Brzezinski essentially outlines, more or less, the same arguments regarding NATO’s role and future in the post-Cold War era as Henry Kissinger did in his extremely foretelling book, Does America Need a Foreign Policy? They both outline the extreme importance of the Trans-Atlantic relationship, and how global power is slowly shifting away from the Atlantic to the Pacific, which makes NATO extremely important as a security organization. Additionally Kissinger asserts that the great danger lies not in the emergence of a new European identity in the form of the European Union, but rather the cause of this identity acting as a counterweight to American cultural influence. In Uncouth Nation, Andrei Markowitz outlines this same problem, and views an emergence of anti-Americanism to be so prevalent in Europe that a new European identity is emerging to counteract the weight of the United States. He is even as provocative as stating that George W. Bush should take his place among Jean Monnet, Robert Schumann, and Jacques Delors, as nothing before the U.S. led invasion of Iraq has ever produced a unified European identity in direct opposition to the United States. For me, the fate and purpose NATO is based upon four fundamental questions.

1. Need for purpose

First, the question must be asked regarding what NATO is supposed to be in this post-Cold War period. During the Cold War NATO had a distinct purpose; to create an alliance in Europe that would dissuade any military action by the Soviet Union and to stop a third World War coming into being. However, no longer do we live in a balance of power mentality, where wars are fought for the geopolitical advantage of territory, rather conflicts are more complex and predominately internal. Some, such as Mary Kaldor, have termed these New Wars, while others have termed them simply asymmetrical conflicts, pointing towards the way they are fought. Regardless, these wars are not a question of State vs. State, but involve non-State actors, such as warlords, that have emerged and do not respect international institutions, the rule of law, or even international law such as the Geneva Conventions. This has created a complexity that NATO must deal with, but so far has not. Additionally Kissinger views this more as a problem of a mission statement, as well as the multilateral character that NATO has acquired, paving way for the need of a consensus and not leaving room for those States with true hegemonic power, such as the United States, to take a substantial lead.

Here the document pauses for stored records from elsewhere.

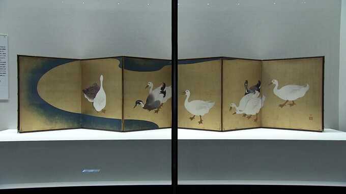 「水辺家鴨図屏風(みずべあひるずびょうぶ)」はアヒルが今にも動き出しそうに描かれ江戸時代の作品とは思えないほどの先進性を感じさせます。
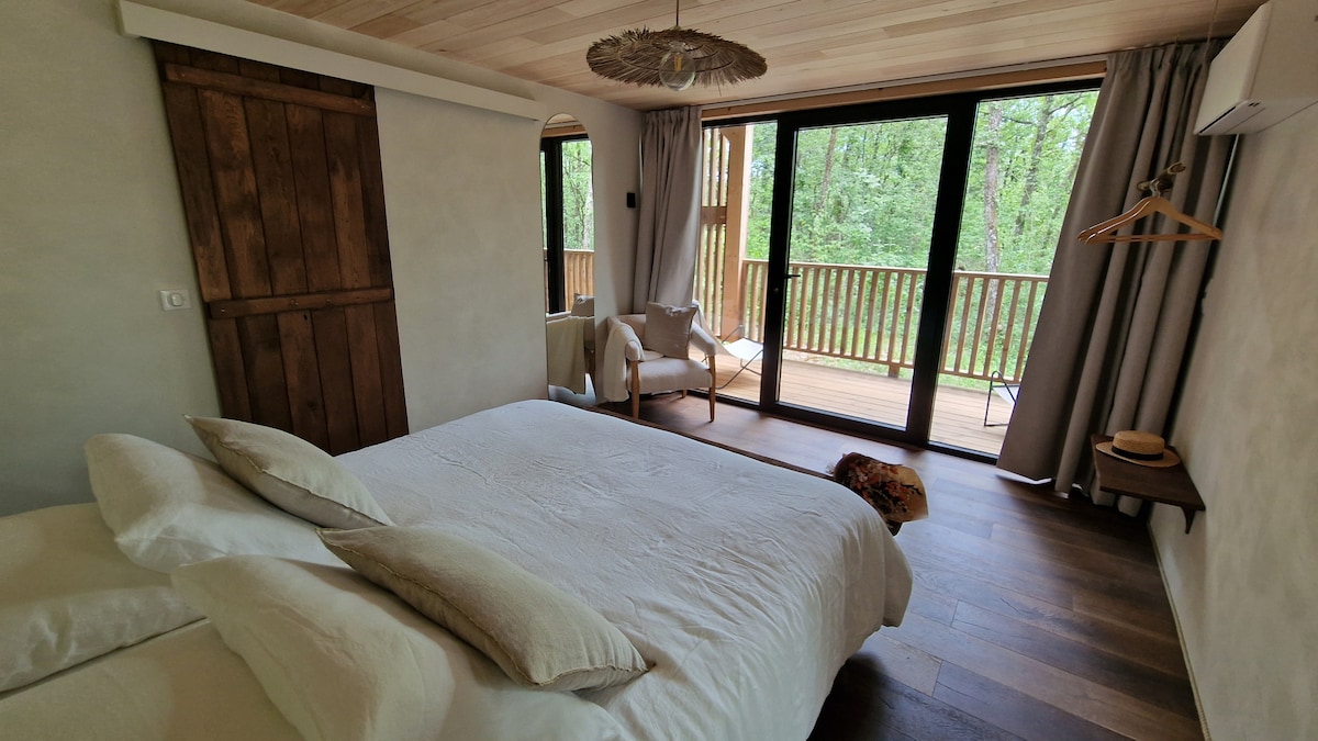 Wij verwelkomen u aan de rand van het bos in een ecologisch verantwoord houten huis, met spa, WiFi en omkeerbare airconditioning, voor een romantisch of familieverblijf in het hart van de Périgord. Genesteld in de vallei, zult u alleen zijn in de wereld voor magische momenten en zal proeven wat u hebt gekozen uit ons assortiment van lokale producten (uitgereikt op de Agricultural Competition) - eventueel na het genieten van de massages van Cécile.- Verwezen door de Guide du Routard en de Petit Futé!
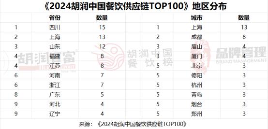 《2024胡润中国餐饮供应链TOP100》榜单中,86%的企业为食材/调味料企业,14%为设备/耗材企业。四川、上海和山东是上榜餐饮供应链企业最多的省份,而上海以13家上榜企业在城市排名中位居第一。其中,海天、牧原、泰森食品、田野股份等知名企业上榜。
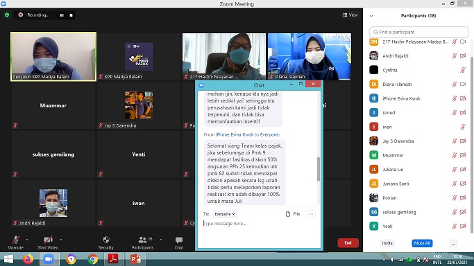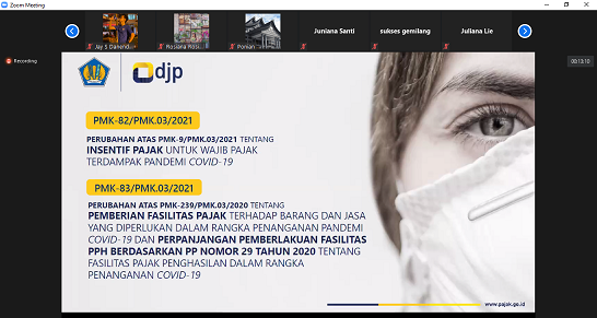 Kantor Pelayanan Pajak Madya Batam mengadakan sosialisasi PMK-83/PMK.03/2021 tentang Perpanjangan Insentif Perpajakan dalam rangka Penanganan Covid-19 secara daring kepada wajib pajak melalui Zoom Cloud Meeting di Batam, Kepulauan Riau (Rabu, 28/7).
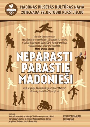 Šogad, Madonas 90 jubilejas gadā, vēlamies aizsākt ikgadēju jaunu pasākumu “Neparasti parastie madonieši”. Sarīkojuma laikā iepazīsimies ar cilvēkiem, kuri kādā veidā ir saistīti ar Madonu. Kāds šeit ir mācījies, cits dzimis, strādā vai dzīvo. Bet, galvenais - katram no uzaicinātajiem dalībniekiem ir kāda interesanta aizraušanās, hobijs vai citāda dzīves uztvere ārpus ikdienas ritma, kas savā veidā jau ir neparasti, jo tas nav nemaz tik vienkārši atrast un piepildīt savus sapņus un intereses. Tam ir nepieciešama liela apņēmība, cīņas un nemiera gars...
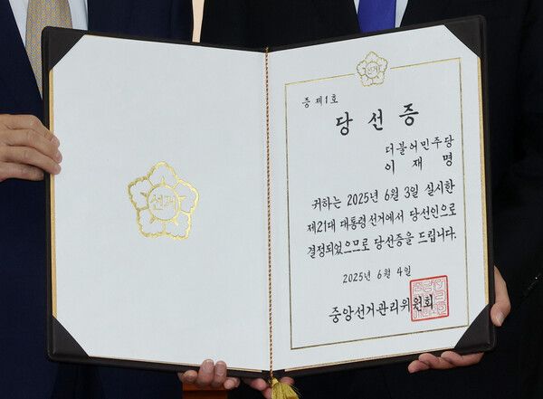 박찬대 더불어민주당 원내대표는 이 대통령의 대리인 자격으로 4일 오전 7시 11분 당선증을 대리 수령했다.

2. Improvement of the EU/NATO relationship

This leads to the second question: How can NATO play nicely with the EU? Though official rhetoric has been that the EU does not intend to replace NATO nor see the organization’s importance decrease, the way the EU decision making process works as well as NATO’s role in the region, has proved otherwise. It has always been argued that the need for the EU to have a common foreign and security policy is essential, the path toward this goal however is hotly debated and left unanswered. The EU has established European Battlegroups that are meant for rapid deployment and deal mainly with peacekeeping and “humanitarian missions.” Unfortunately with the European countries not having homogeneous weapons systems, the contributions by different countries in terms of forces and weapons have proven to be a logistical nightmare (this has however been identified, and plans to make homogeneous types of weapons as well as the means to transport them are in development). Additionally, the confusing nature of the EU in terms of who has what jurisdiction over which pillar, makes NATO’s ability to combat terrorism, or root out the sources that are funding the Taliban in Afghanistan, that more difficult. Information regarding the movement of peoples, bribery, organized crime, weapon smuggling, fraud, etc, are no longer under the jurisdiction of NATO member countries, but under Brussels. This creates a scenario that slows down the decision making process when a NATO action may be needed. Instead of creating a homogeneous, information sharing network that is used toward the completion of a goal, infighting and sore spots emerge under allegations that a territory has been inappropriately crossed and toes have been stepped on. NATO is no longer able to respond together as one unit, but must now go through unnecessary bureaucratic red tape that make its actions ineffective and has proven to divide the alliance rather than strengthen it.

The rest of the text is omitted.